The production of natural ethyl acetate by microorganisms (e.g., yeast and lactic acid bacteria) is well established and has historically been applied to food production. Volatile ethyl acetate is one of the most important aroma compounds in fermented foods such as beer, wine and dairy products. At low concentrations, esters produce a sweet fruity note, but are also considered off-flavors when present in large amounts.
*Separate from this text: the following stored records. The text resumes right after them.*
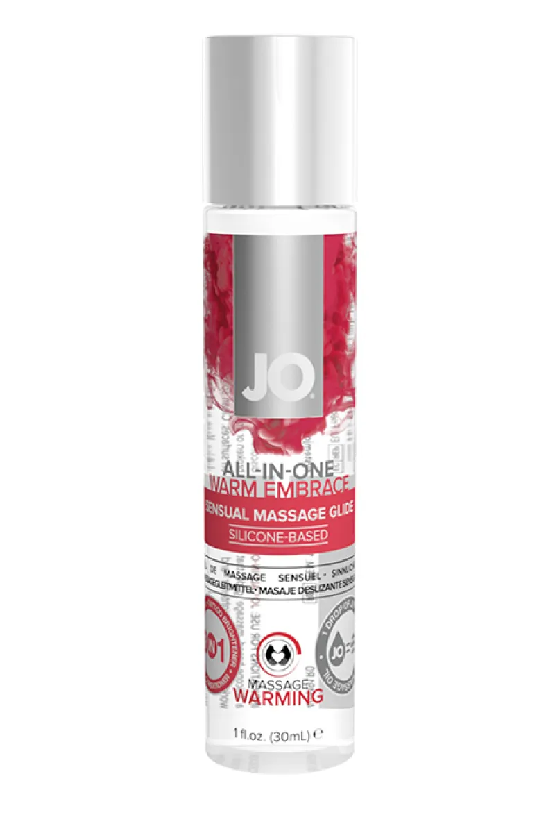 Массажный гель на силиконовой основе All-in-One Massage Glide Warm Embrace. Универсальное средство для чувственных наслаждений и идеального скольжения. Силиконовая основа обеспечивает гладкое и шелковистое длительное скольжение по коже во время массажа. Можно оставить на коже и он будет работать как кондиционер, помогая коже удерживать влагу и защищать от внешнего воздейсвтия. Водостойкая формула идеально подходит для игр в душе. С All-in-One можно осуществлять все виды массажана, включая эротический. Теперь не нужно множественных тюбиков на прикроватной тумбочке, достаточно JO All-in-One. Одно средство для массажа, для игр в воде, для ухода за кожей. Шелковистый и нежный, абсолютно не липкий. Не скатывается. Может использоваться как лосьон для визуального увеличения яркости татуировок. Одна капля силиконового массажного геля равно 10 капель обычного масла. Очень экономичный расход. Рекомендуется во всем мире врачами и фармацевтами.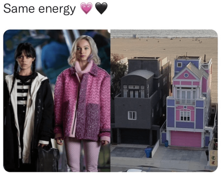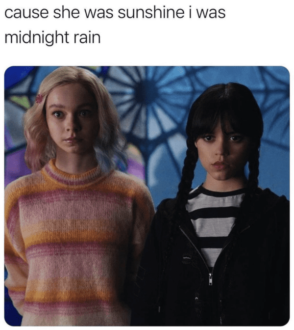 Another hilarious meme showing the aesthetic differences between best buddies Wednesday Addams and Enid Sinclair.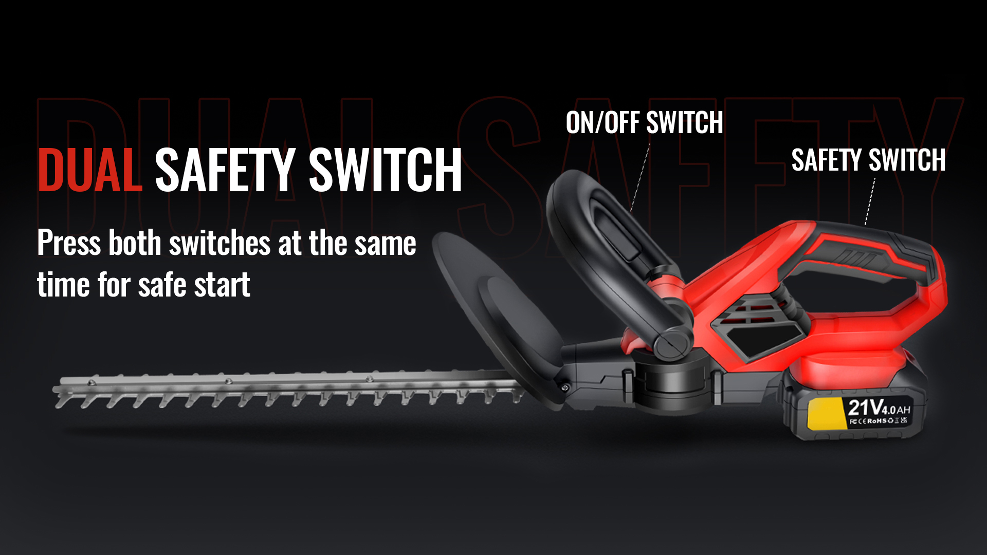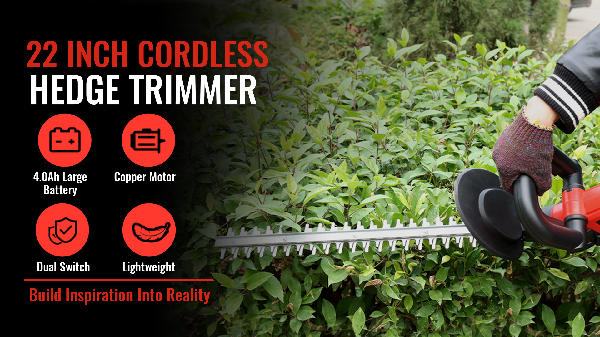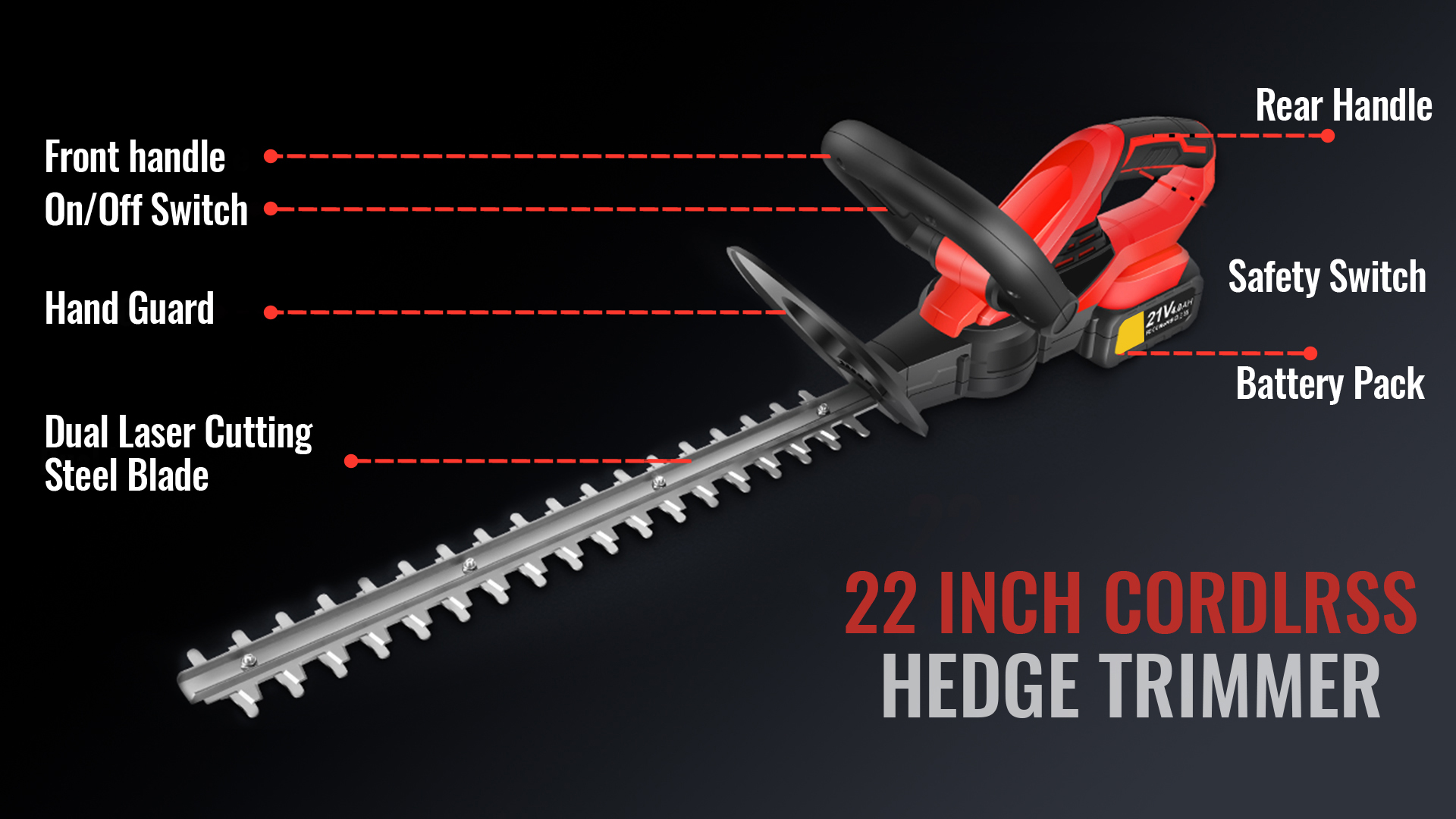 22 inches dual-action blades to ensures less vibration and low noise than single-action blades while trimming, cutting diameter up to 3/4", perfect for hedge, bushes and shrubs.

The concentration of the ethyl acetate in the dairy product ranges from 50 to 100 mg.L -1 The concentration in beer and wine is 8-64mg.L -1 The concentration range in Chinese strong aromatic Chinese liquor is 1-2 g.L -1 . The yeast can synthesize a large amount of ethyl acetate by using ethanol or glucose as a substrate, such as Kluyveromyces marxianus, wilkham's yeast and Fei Bien Siberian yeast.
If the original strain in the white spirit brewing system can be utilized, the strain for inhibiting the currently known high-yield ethyl acetate can be beneficial to promoting the large-scale production of high-quality white spirit, and further realizing high-quality, high-efficiency and safe production.
Disclosure of Invention
In order to solve the problems, the invention screens out a strain of microorganism which inhibits other microorganisms from producing ethyl acetate and has the function of degrading ethyl acetate from the distilled grains of the white spirit and the environmental samples, namely Candida tropicalis LBM101.
The Candida tropicalis LBM is preserved in China Center for Type Culture Collection (CCTCC) at 2022, 12 and 23, and the preservation number is CCTCC NO: m20222053.
The strain is obtained by screening from strong aromatic Chinese spirits fermented grains and environmental samples.
The strain of the invention has the following characteristics:
(1) Ethyl acetate is not produced;
(2) Can degrade exogenously added ethyl acetate;
(3) After the additional addition of the fermented grains, the ethyl acetate produced by other microorganisms can be inhibited, and meanwhile, the ethyl caproate content can be increased, and the ethyl-hexyl ratio can be reduced.
The second object of the present invention is to provide a microbial agent containing Candida tropicalis LBM101.
The microbial agent is used for controlling the content of ethyl acetate in fermented grains and maintaining the normal ethyl acetate ratio, and Candida tropicalis LBM101 is taken as a main microorganism.
In one embodiment of the present invention, the viable count of Candida tropicalis LBM101 in the microbial inoculum is 10 5 ~10 8 CFU/mL。
In one embodiment of the present invention, the microbial inoculum has a microbial concentration of Candida tropicalis LBM101 in the range of 10 5 ~10 8 CFU/mL。
In one embodiment of the present invention, the microbial inoculum is obtained by preparing a seed solution of Candida tropicalis LBM101 and then expanding culture.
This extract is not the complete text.